Today, Nicole Burke, of the Rooted Garden, asked me to do a takeover of her Instagram account. You see, we are both huge salad lovers. She installs beautiful kitchen gardens and teaches people in the Houston area to make their own salad gardens. You know, I am on a similar mission here, by encouraging you to garden and change the way you cook. So, in honor of this collaboration I have created the Rooted Garden Salad and topped it with the Best Dressing Ever - I promise. Just like seed starting changes the way you garden, making your own dressing changes the way you think about salad.
The Rooted Garden Salad has to have roots - right? We have 3 types of radish growing now - stargazer, redhead and rat tail - and we will use all 3 in the salad. So, I headed out to the garden to gather the radishes, greens and herbs. I grabbed a fresh lemon off the tree too.
Are you familiar with the rat tail radish? It is a crazy plant, being a true radish that is grown not for its root but for its seed pod. It is an enormous bee attracting machine that has taken over the middle of my garden. The seed pods can be eaten raw or cooked. My favorite way to eat them is raw on a salad, but you probably knew that already. When gathering the pods you just snip the largest ones and leave the rest of the plant intact.

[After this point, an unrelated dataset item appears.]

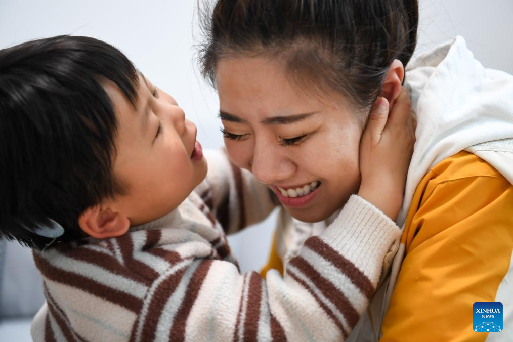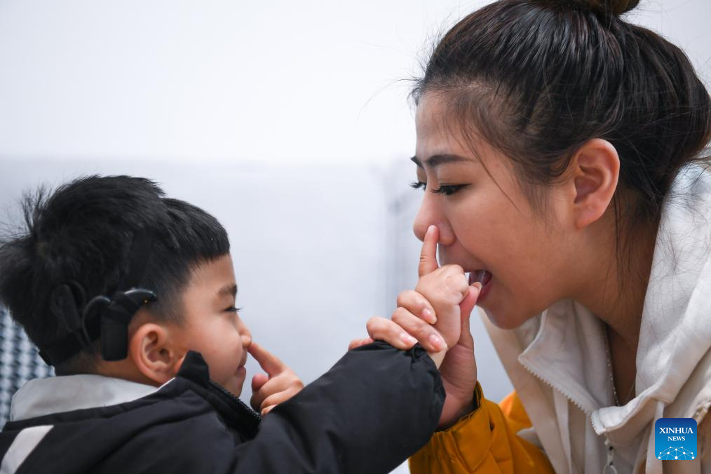 Li Hongjia gives a training session to a hearing-impaired child at the Little Sunflower rehabilitation center in Jiangxia District of Wuhan, central China's Hubei Province, March 27, 2024.(Xinhua/Du Zixuan)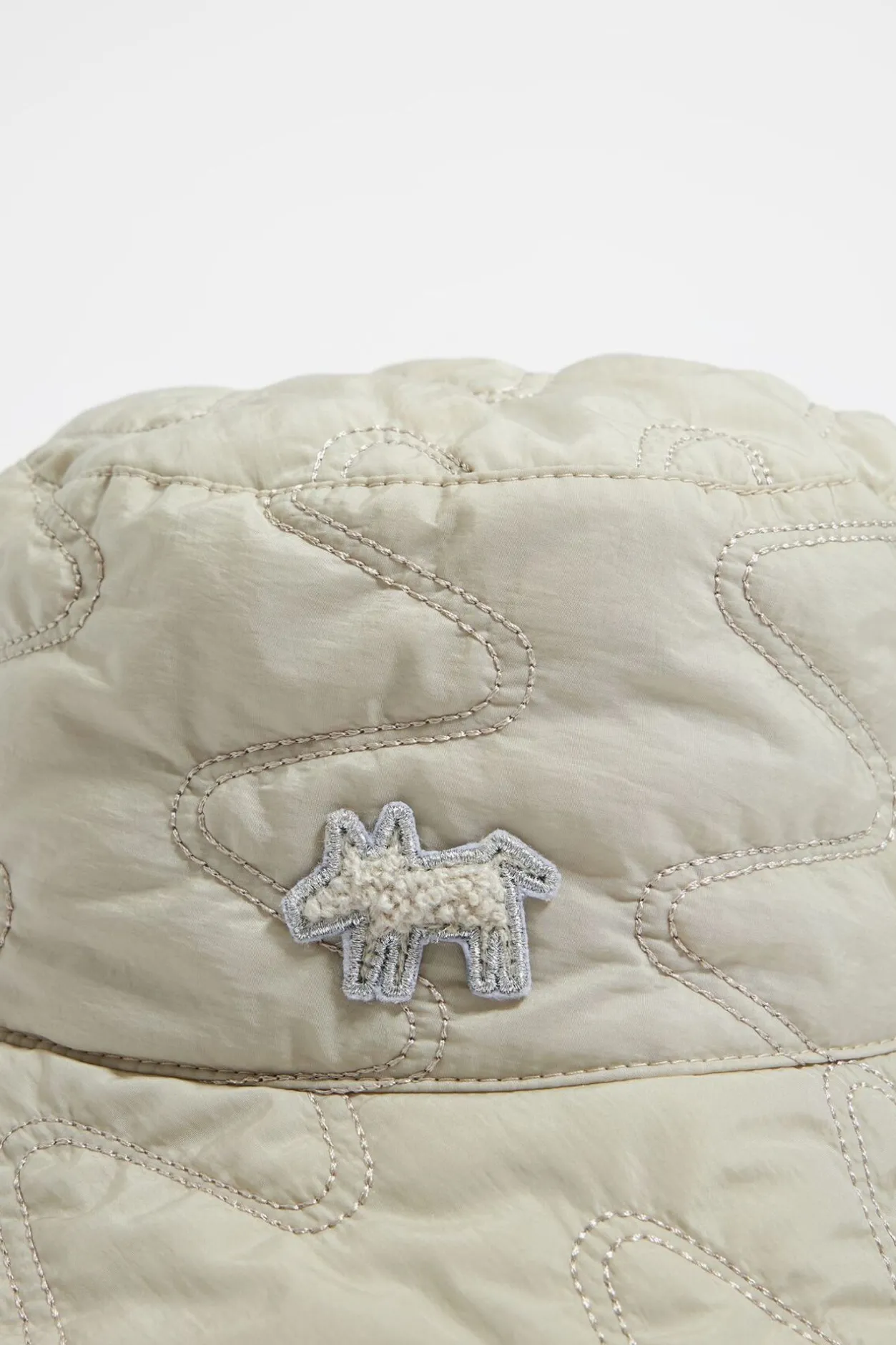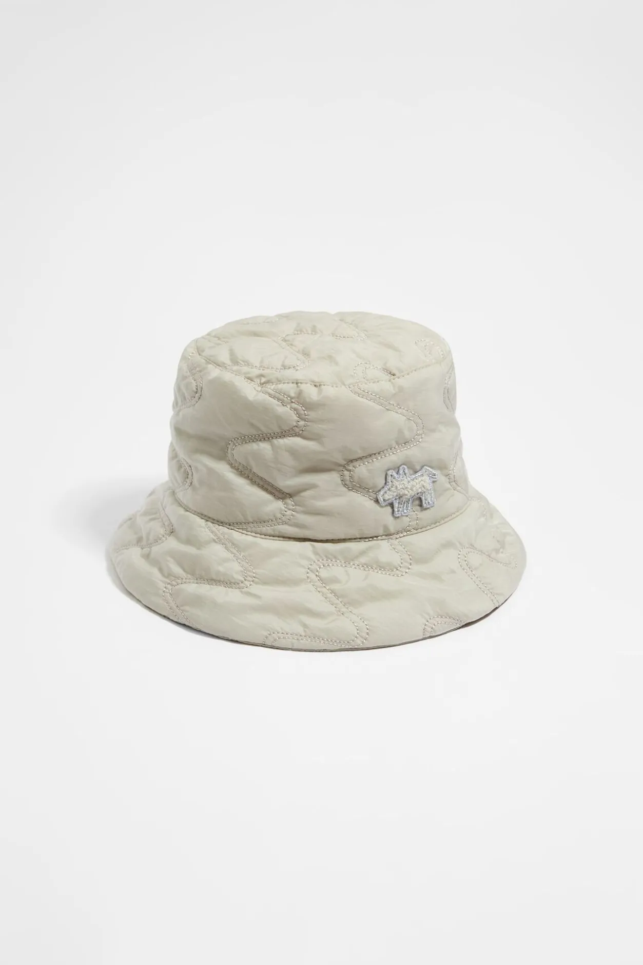 Gorro Tipo Bucket De Nylon Acolchado En Color Piedra. Modelo Personalizado Con Logo Lola En La Parte Lateral. 90% Relleno PoliÉSter Reciclado.

Easy - right?
The stargazer radish, with its purple pigment makes a dramatic salad topper! The bean looking things are the rat tail radish seed pod. If you don't have access to them - no worries. Just throw in extra conventional radishes.
The Rooted Garden Salad
- 4 cups of mixed greens - I used lettuces, arugula, tender leaf chard, baby kale and radicchio
- 4 thinly sliced radishes - I used stargazer and redhead
- Handful of rat tail radish pods if you have them - if not use more radishes
- Handful of herbs - I used dill, chives and cilantro
THE BEST DRESSING EVER INGREDIENTS:
- 1 clove of garlic
- 2 scallions
- 1 to 2 cups of fresh herbs - I used cilantro, dill, chives and parsley
- 1 tablespoon of brown sugar
- 2 tablespoons of fresh lemon juice
- 2 tablespoons of olive oil
- 1 cup of plain yoghurt (any kind works)
- Dash of cayenne pepper
- Salt and pepper to taste
To make the dressing, throw everything onto a blender and blend until combined. Pour into a lidded jar because there will be extra. The dressing stores well in the refrigerator - just give the jar a shake before using.
Mix the greens and herbs in a big bowl and top with radishes and seed pods. Serve tossed with dressing. Add additional salt and pepper if needed.